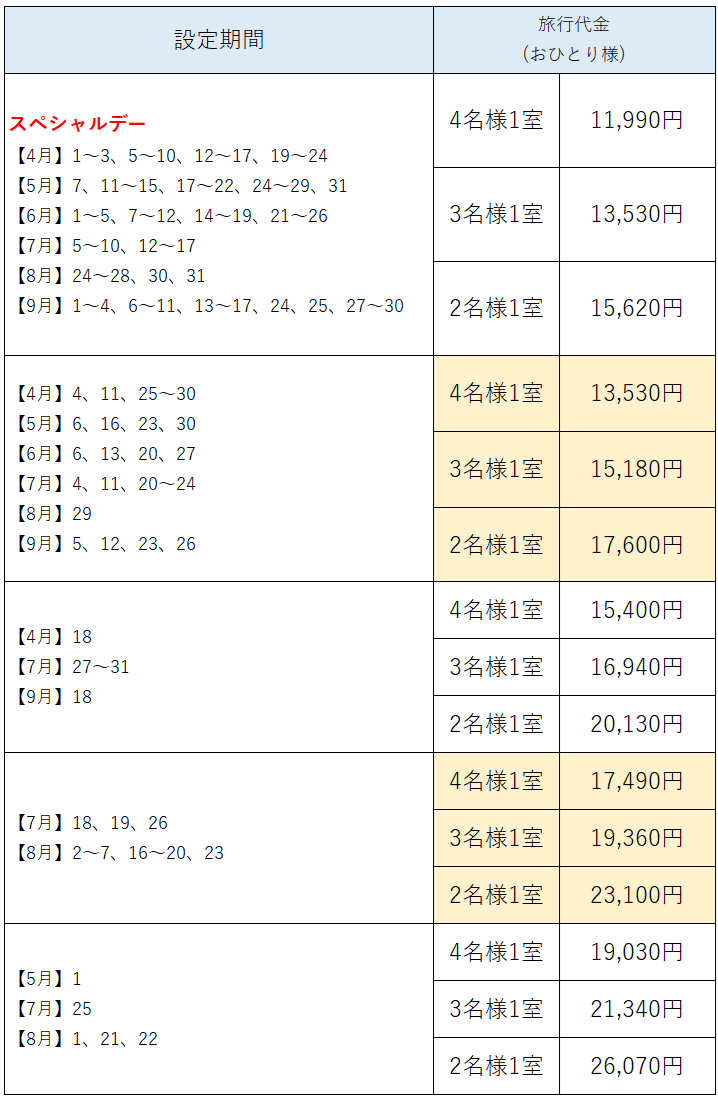 ※1室あたり、大人・小人合わせて2名様以上でお申し込み下さい。
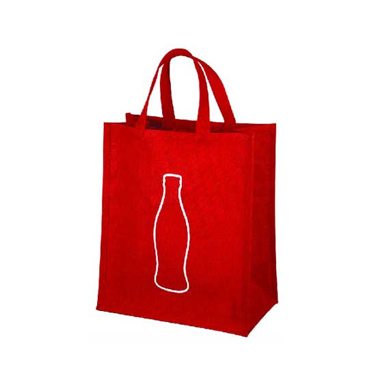 The displayed bag features a bold red toned appearance with a white bottle pattern at the front. It is made of natural jute for extra robustness. This eye-catching bag is ideal for promotional use or carrying giveaways.
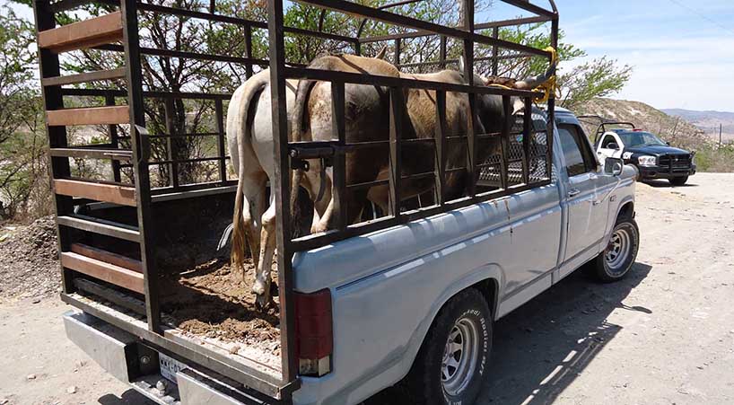 Como parte de los operativos de la SSP para inhibir la comisión de delitos en dicho municipio, elementos de la PEP realizaban recorridos de vigilancia en esta comunidad, donde detectaron dos camiones en los que transportaban las reses; solicitaron a los conductores la documentación que acreditara la propiedad del ganado y las guías de traslado.
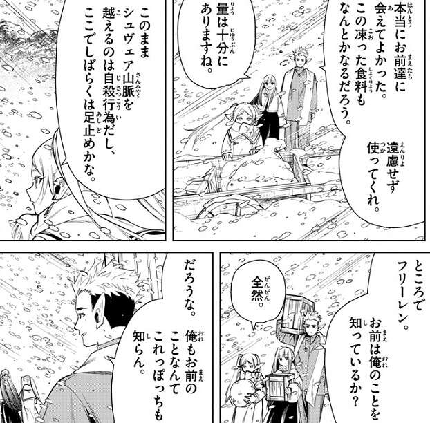 クラフトが持っていた食料を回収しますが、このままシュヴェア山脈を越えるのは自殺行為とフリーレンは判断し、ここにしばらく留まることを余儀なくされます。クラフトは、お前は俺のことを知っているか?と、突然フリーレンに聞きます。全然、とフリーレンが答えると、だろうな、俺もお前のことなんてこれっぽっちも知らん、とクラフトは言います。勇者様御一行の魔法使いですよ、とフェルンが言っても、クラフトはその前は?と聞いて全く興味がありません。クラフトに言わせると、これがエルフというものだそうです。
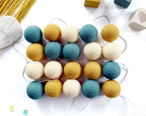 - Kule do lampek cotton balls wykonywane są ręcznie, z naturalnych - bawełnianych nici, co nadaje im niepowtarzalny charakter. Staranność wykonania, wysoka jakość użytych materiałów, oraz gęsty splot nici sprawiają, że nasze kule nie potrzebują wewnątrz plastikowego szkieletu. Zastosowana przez nas technologia produkcji sprawia, że nasze lampki cotton balls są o wiele bardziej estetyczne niż ich tańsze odpowiedniki.
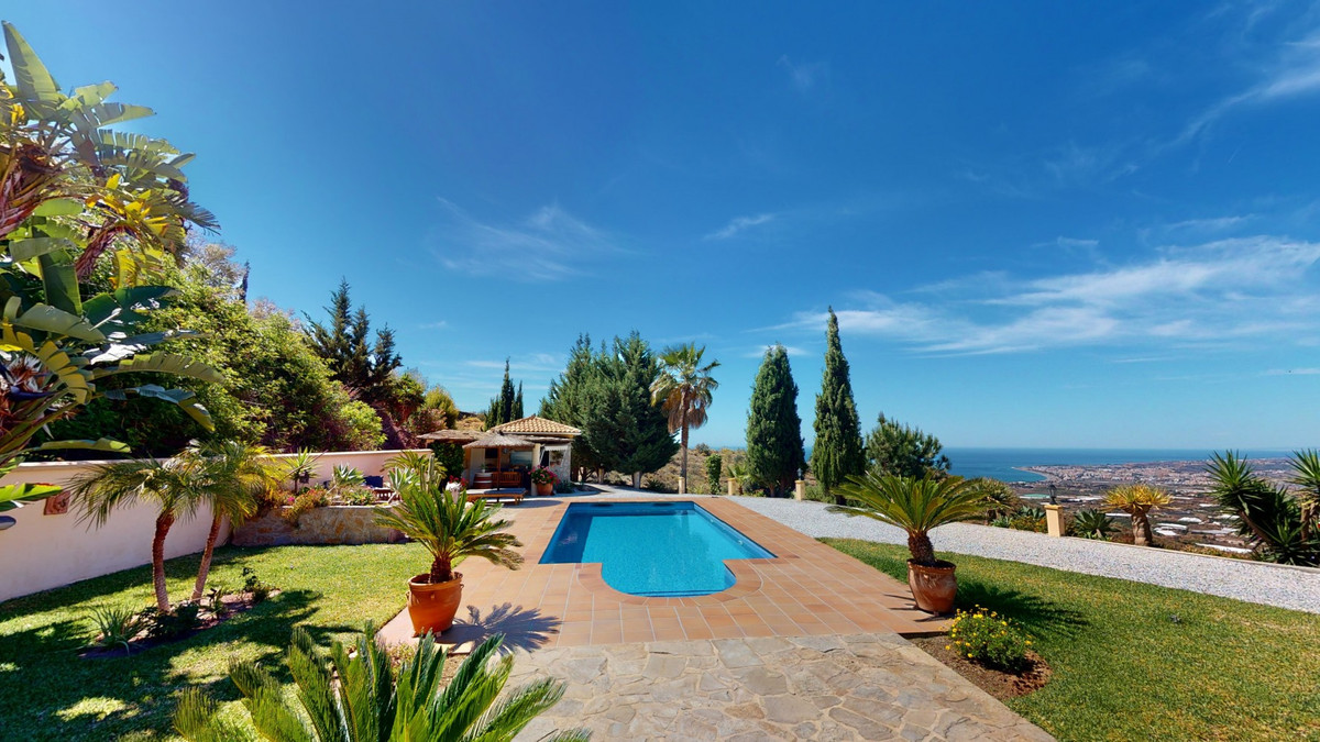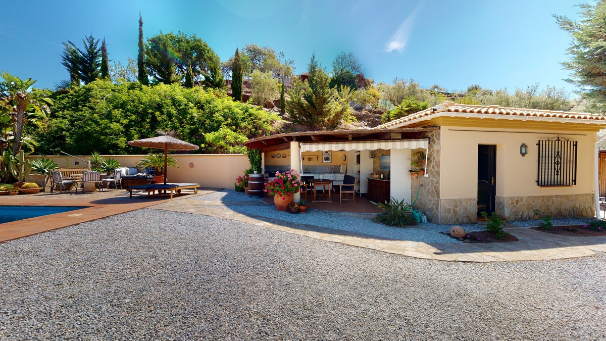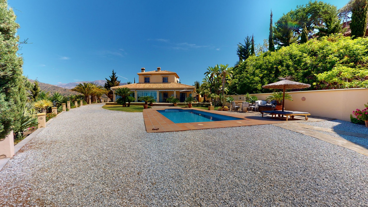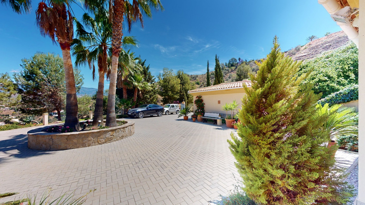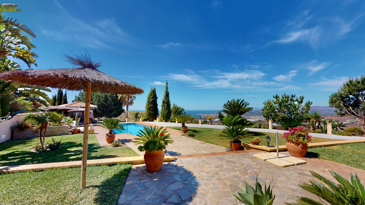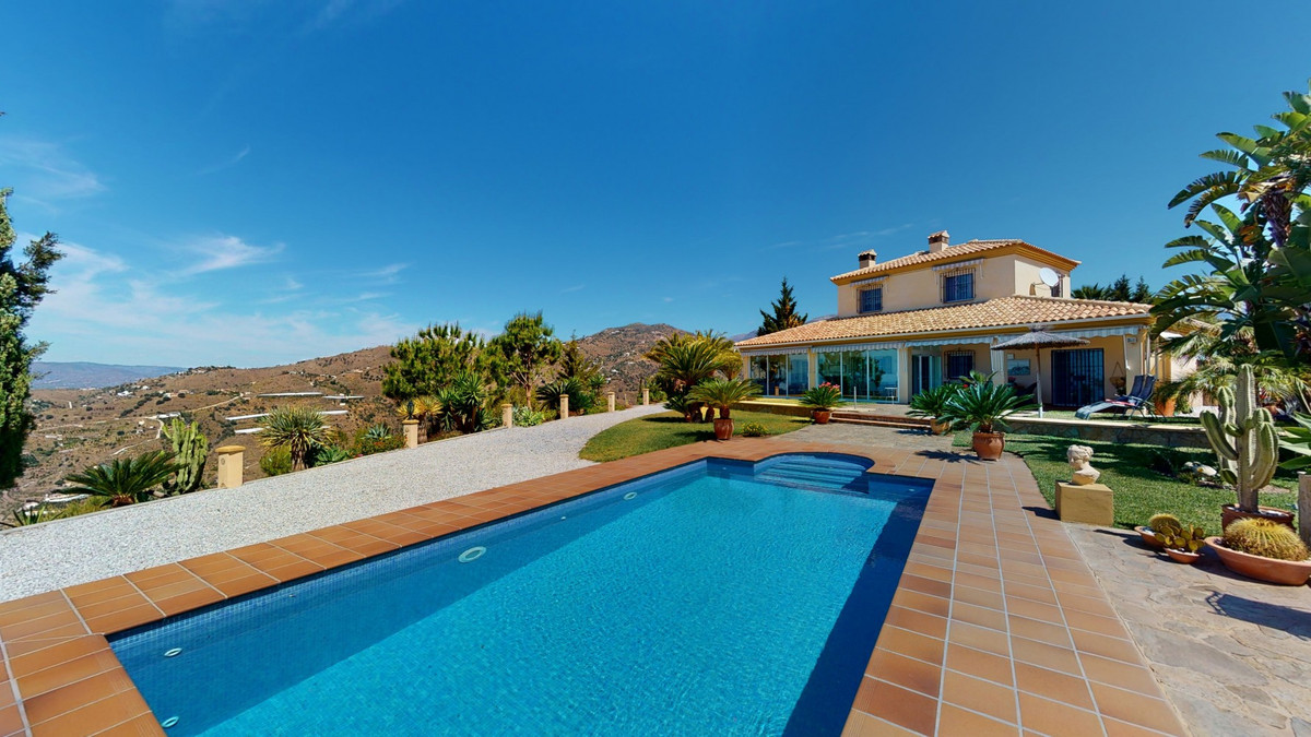 Une vue imprenable, une orientation sud-ouest idéale : la promesse d'un bonheur absolu. Cette villa d'exception, construite avec des matériaux de très haute qualité, offre un cadre idyllique avec un magnifique jardin comprenant spa, sauna et piscine, ainsi qu'une luxueuse cuisine d'été avec coin repas intégré. Située entre Algarrobo et Sayalonga, cette villa unique vous propose tout cela et bien plus encore. Son emplacement privilégié garantit une intimité totale et vous offre une vue romantique sur le coucher du soleil, se reflétant tantôt sur la Méditerranée, tantôt, selon la saison, sur le fabuleux paysage montagneux de Malaga. Un chemin privé asphalté, bordé de pins, mène à l'imposante entrée de la propriété, où un îlot de palmiers se dresse au milieu d'un rondin. Plusieurs places de parking, un garage et un grand abri voiture complètent le rez-de-chaussée. Au premier étage se trouvent le salon avec une cheminée séparée, des toilettes invités, une buanderie, une cuisine moderne donnant sur une véranda spacieuse et parfaitement équipée, ainsi qu'une très belle chambre avec salle de bains privative. À l'étage de la villa se trouve la suite parentale avec une spacieuse salle de bains privative et un dressing. La propriété est équipée du chauffage central, de la climatisation et d'une cheminée. Le terrain est agrémenté d'une variété d'arbres fruitiers, de palmiers, de plantes tropicales et de pins. La plage et la mer, ainsi que le golf et le port de plaisance de Caleta, sont à 15 minutes, et l'aéroport de Malaga à seulement 40 minutes. Nous serions ravis de vous présenter prochainement cette propriété de rêve, en personne ou par visite virtuelle. Car ce monde est unique, à l'image de notre Axarquía. En Andalousie. Sur la Costa del Sol. Ici, sous le soleil…
*****
Everything above from the line with "クラフトが持っていた食料を回" through the line with "- Kule do lampek" should be retyped exactly, and nothing else; omit pictures.

 クラフトが持っていた食料を回収しますが、このままシュヴェア山脈を越えるのは自殺行為とフリーレンは判断し、ここにしばらく留まることを余儀なくされます。クラフトは、お前は俺のことを知っているか?と、突然フリーレンに聞きます。全然、とフリーレンが答えると、だろうな、俺もお前のことなんてこれっぽっちも知らん、とクラフトは言います。勇者様御一行の魔法使いですよ、とフェルンが言っても、クラフトはその前は?と聞いて全く興味がありません。クラフトに言わせると、これがエルフというものだそうです。
 - Kule do lampek cotton balls wykonywane są ręcznie, z naturalnych - bawełnianych nici, co nadaje im niepowtarzalny charakter. Staranność wykonania, wysoka jakość użytych materiałów, oraz gęsty splot nici sprawiają, że nasze kule nie potrzebują wewnątrz plastikowego szkieletu. Zastosowana przez nas technologia produkcji sprawia, że nasze lampki cotton balls są o wiele bardziej estetyczne niż ich tańsze odpowiedniki.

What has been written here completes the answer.